◆ **Activity**
Determine the number of lines in the data that contain "during". Answer with that number only.

◆ **Provided data**
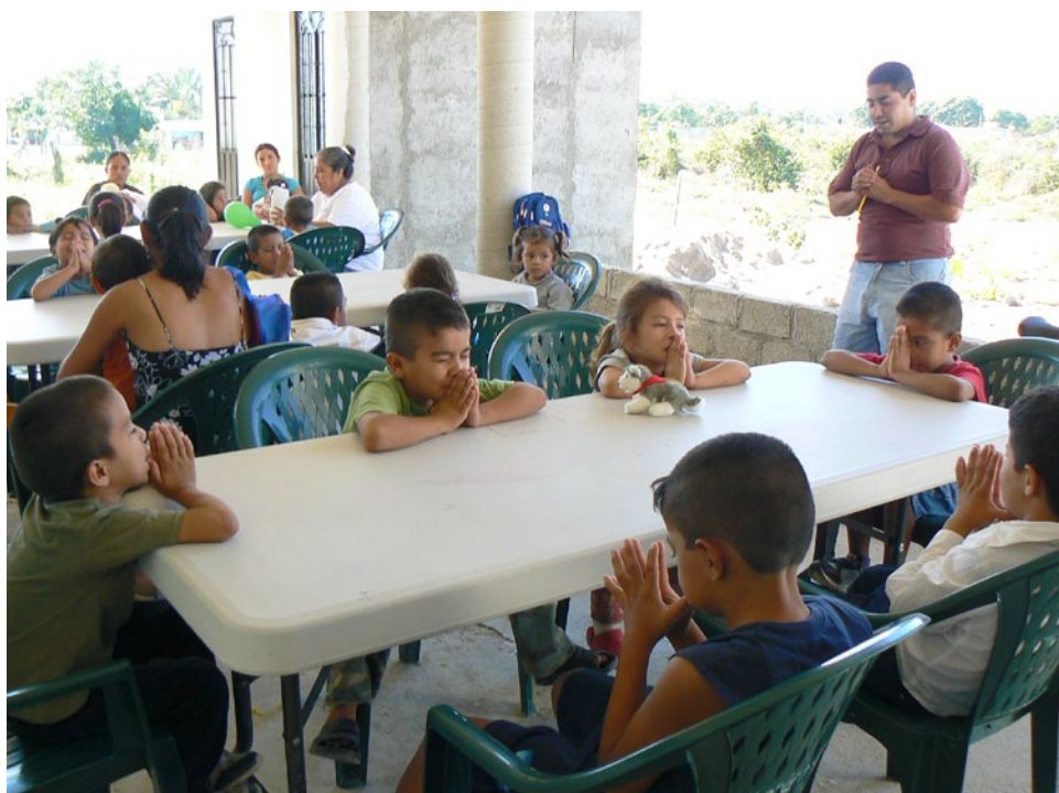
Children praying before they eat.
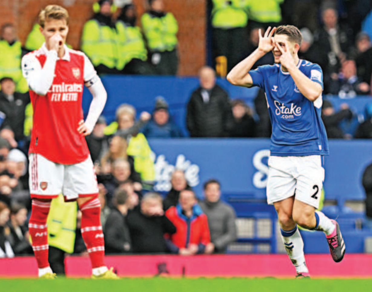
James Tarkowski celebrates after his header gave Everton the perfect start under new manager Sean Dyche, beating Premier League leaders Arsenal 1-0 at Goodison Park yesterday. This was Arsenal's second defeat of the season while Everton got out of the relegation zone with their first win in 11 games.

Conte joins long-term absentee Lucas Moura, who is still struggling with a tendon problem, in the treatment room while Richarlison is available after recovering from injury. On whether fullback Pedro Porro, who signed for Spurs on loan from Sporting Lisbon on deadline day, could make his debut, Stellini said the 23-year-old could be in contention.
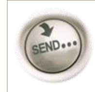
One-Click-Publishing note capture and distribution
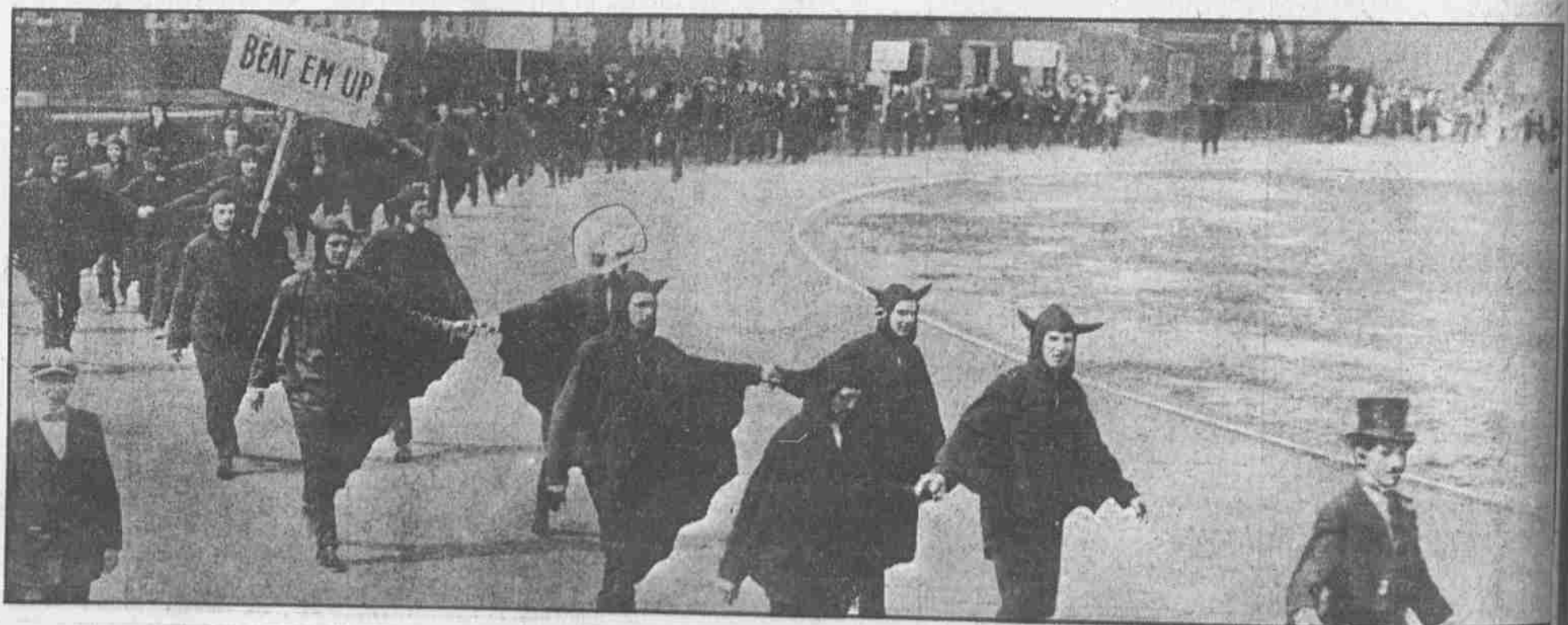
CHARLIE CHAPLIN (NOT HIMSELF) TAKES PART IN ALUMNI DAY AT PENN His appearance, followed by that of a horde of red-clad devils, was the signal for loud and hearty laughter. His antics, arranged by the class of 1912 which followed him, were hugely appreciated.
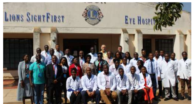
Candidates and Examiners during the 2022 Fellowship Exam in Blantyre, Malawi
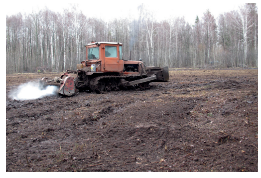
Fig. 15.5.2. Grinding of grassland in Čaukciems meadows in Kemeri National Park in January 2013. Shrubs and separate trees were cleared and removed before grinding, except for older tree clusters and some individual trees. In grinding, "islets" of vegetation around tree clusters were left. Grinding was done in the snow-free period when the ground was not frozen.
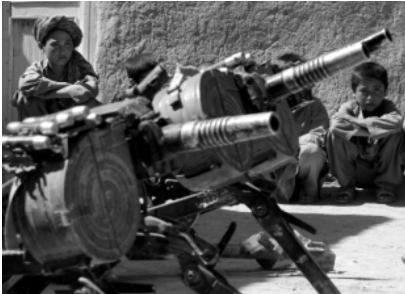
Afghan children squat next to grenade launchers handed in by local villagers to the UN as part of a voluntary weapons collection effort.

Other regions still remain virtual blank spots on the map of global stockpiles. China is an especially important, and potentially very large, unknown. Virtually no hard data is available on the Middle East, with the exception of Israel and Jordan.
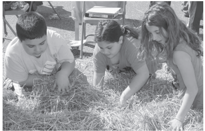
Searching the haystack at the Chestnut Street School centennial celebration.
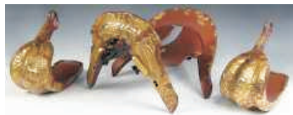
Saddle and pair of stirrups Japan, mid-Edo period (1615-1867) Flying Cranes Antiques
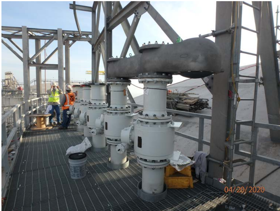
LNG Tank B – Vacuum breaker installed
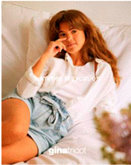
Figure 8. Image URL: https://fi-fi.facebook.com/GinaTricot/photos/a.10150107818417896/10157505646827896/?type=3&theater. Source: https://fi-fi.facebook.com/GinaTricot/. Date of access: 10 July 2020. Reuse not permitted.

However, the theme of innocence is distinct in both images and gets expressed through the predominantly white background and the dreamy look on the girls' faces. By picturing an older girl in a manner reminiscent of a young child, Figure 7 helps in reproducing the traditional discourse of girlhood innocence and sustains the notion that older girls are primarily asexual. Figure 8 produces the notion of girlhood innocence but intermixes it with sexuality by playing with both elements.
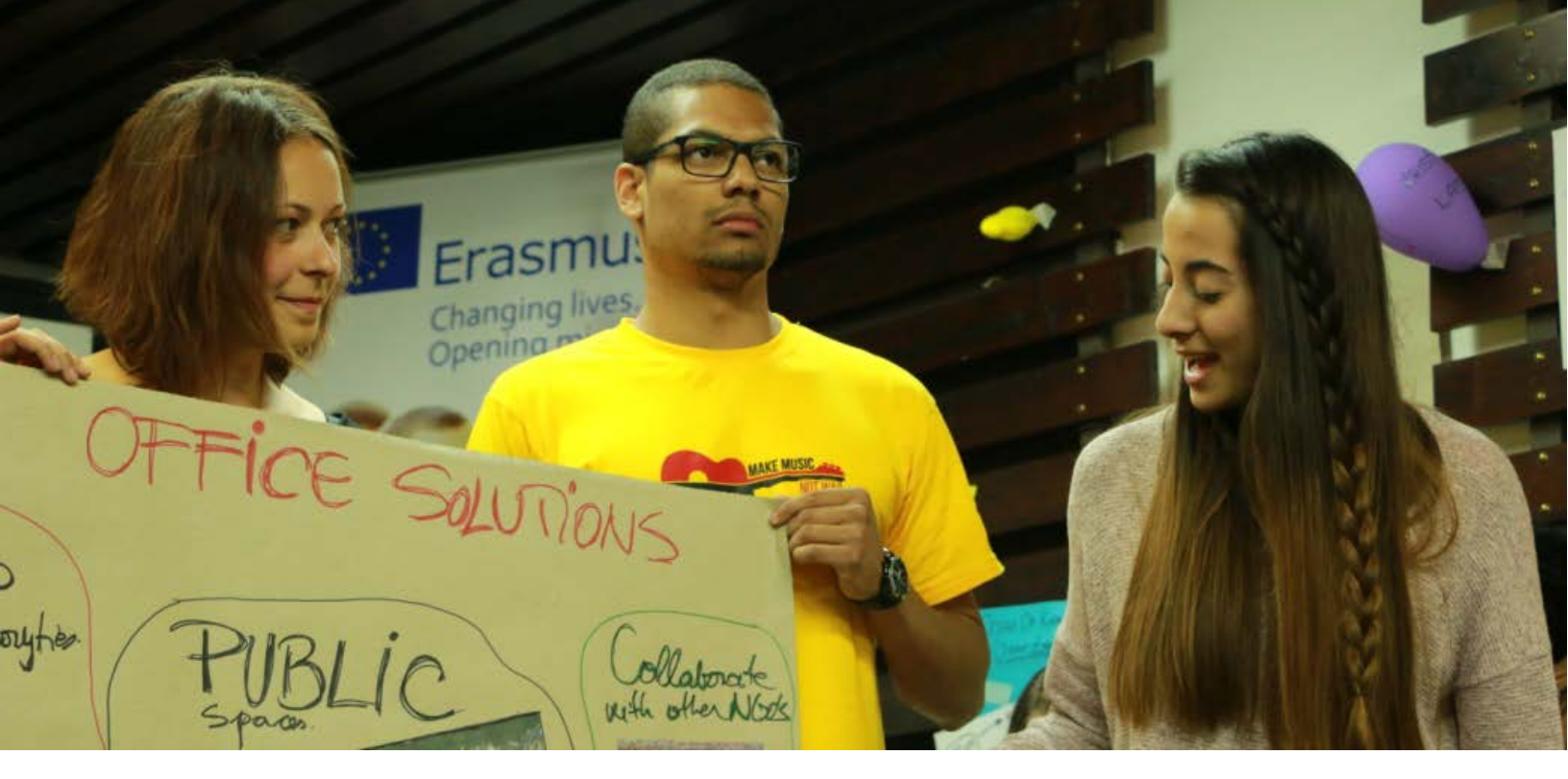
Participants finding creative office solution

During the project sometimes there is no appropriate VENUE for workshops in the accommodation we rented. Then we face the question – where to find a nice, cheap or free venue for our event? Here are some answers that we discovered during the TC:
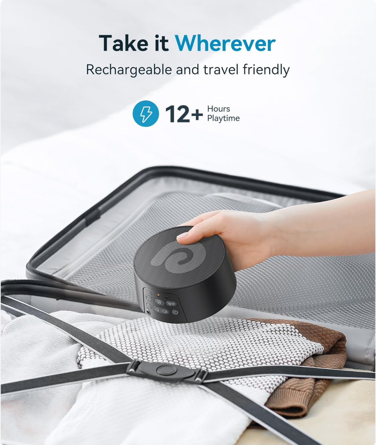
Image: The Dreamegg D3Pro-Black White Noise Machine being packed into a suitcase, emphasizing its compact size and suitability for travel.

battery provides up to 12 hours of continuous playtime on a single charge. It comes with a convenient wall plug and USB cable for charging from electrical outlets or other USB power sources. Its compact dimensions (4 x 4 x 2.3 inches; 11.52 ounces) make it an ideal travel companion, easily fitting into bags or luggage.
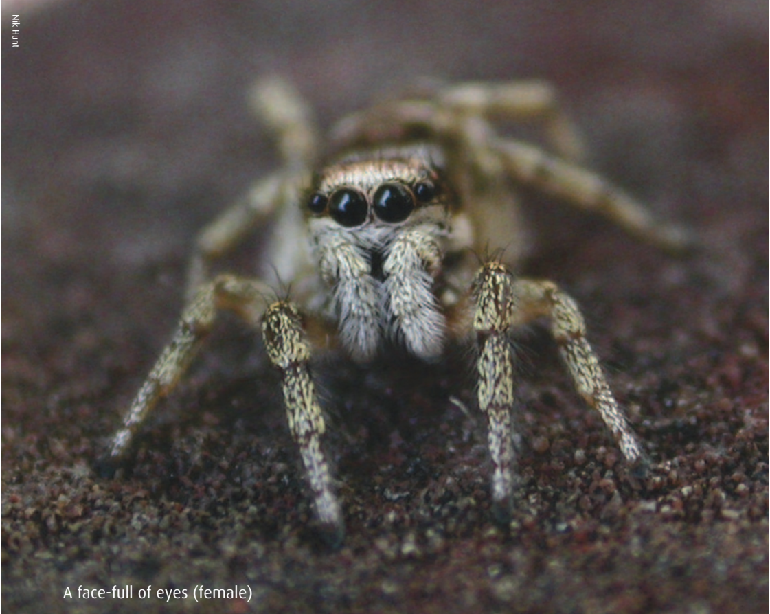
A face-full of eyes (female)

This is one of the commonest jumping spiders in Britain and can often be spotted hunting on garden walls and fences on warm sunny days.

◆ **Exercise output**
2